A better way to address these potential failures is to monitor the condition of critical machines and components. Condition monitoring can provide early detection of machine deterioration or impending failure and the data can be used for predictive maintenance. Many “smart sensors” can now measure vibration, temperature, humidity, pressure, flow, inclination, and many other attributes which may be helpful in notifying users of emerging problems. And some of these “smart sensors” can also “self-monitor” and help alert users to potential failures in the sensor itself.

What are packaging customers actually doing?

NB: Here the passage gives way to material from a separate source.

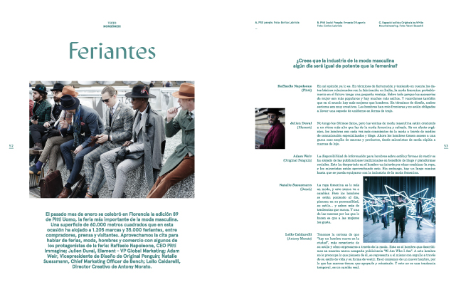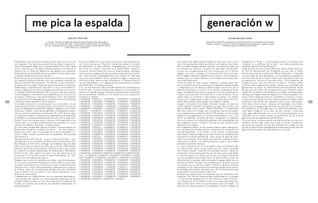 Y por último, las páginas de opinión, reflexiones siempre interesantes y enriquecedoras de profesionales de la creatividad, en sus múltiples variantes, sobre el mundo que nos ha tocado vivir. Pequeñas master class de cuatro mil y pico caracteres con titulares tan sugerentes como “me pica la espalda”.
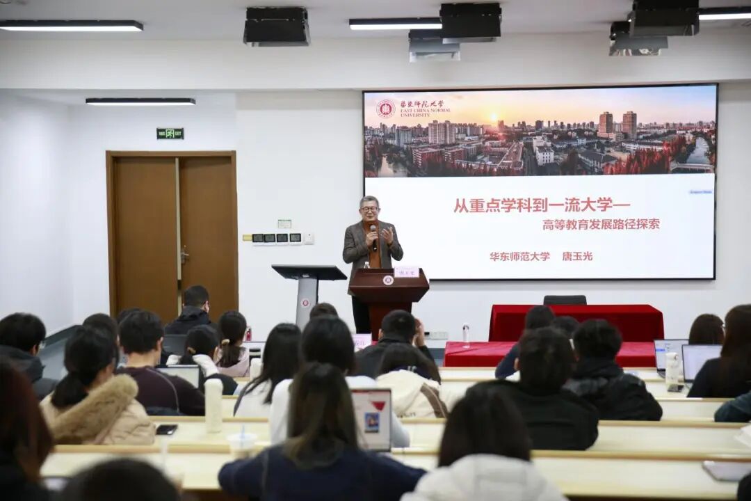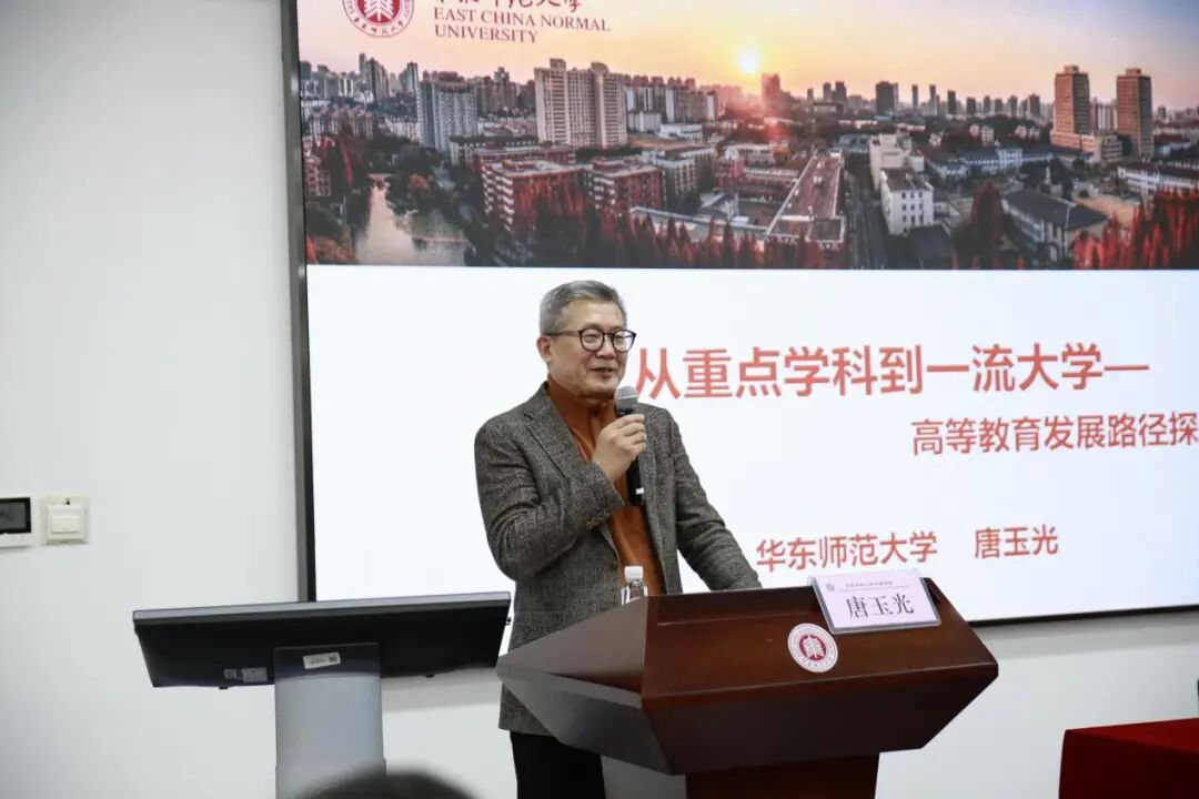 唐教授结合华东师大的具体实践,介绍了学校在通识教育改革、“幸福之花”学科交叉计划、学科专业结构优化、科技成果转化、管理体制创新等方面的探索与成效。他强调,面向2035年教育强国目标,高校必须加快学科转型、优化学科生态、增强社会服务能力,构建具有中国特色、世界水平的高等教育体系;作为身处教育强国建设前沿的高校师生,应主动融入国家战略,勇担使命,追求卓越,为建设世界一流大学贡献力量。

The good news is that the packaging industry is moving forward to find a better way and users understand that Condition Monitoring/Predictive Maintenance gives them the opportunity to prevent unplanned failures, reduce unplanned downtime, and improve OEE, quality and profitability. About 25% of customers have already implemented some sort of Condition Monitoring / Predictive Maintenance, while about 20% are piloting it and 30% plan to implement it. This means that 75% of customers are very interested in Condition Monitoring/Predictive Maintenance, by far the most interest in any technology discussed in the PMMI survey.

Where do you start?

    • Look for the machines which cause you the most frustration. PMMI identified form, fill & seal, filling & dosing, and labeling machines, but there are other machines, including bottling, cartoning, and case/tray handling, that could fail and cause production downtime or damaged product.
    • Consider where, when, and how equipment can fail. Look to your own experience, ask partners with similar machines or perhaps the equipment supplier to help you determine the most common failure points and modes.
    • Analyze which parts of the machine fail. Moving parts are usually the highest potential failure point. On packaging machines, these include motors, gearboxes, fans, pumps, bearings, conveyors, and shafts.
    • Consider what to measure. Vibration is common, and often assessed in combination with temperature and humidity. On some machines, pressure, flow, or amperage/voltage should be measured.
    • Determine the most appropriate maintenance program for each machine. Consider the costs/benefits of reactive, preventative, condition-based monitoring or predictive approaches. In some cases, it may be OK to let a non-critical, low-value asset “run-to-failure,” while in other cases it might be worth investing in Condition Monitoring or Predictive Maintenance to prevent a critical machine’s costly failure.
    • Start small by implementing condition monitoring on one or two machines, and then scaling up once you’ve learned what does and doesn’t work. Using a low-cost sensor, which can be easily integrated with existing controls architectures or added on externally, is also a great way to start.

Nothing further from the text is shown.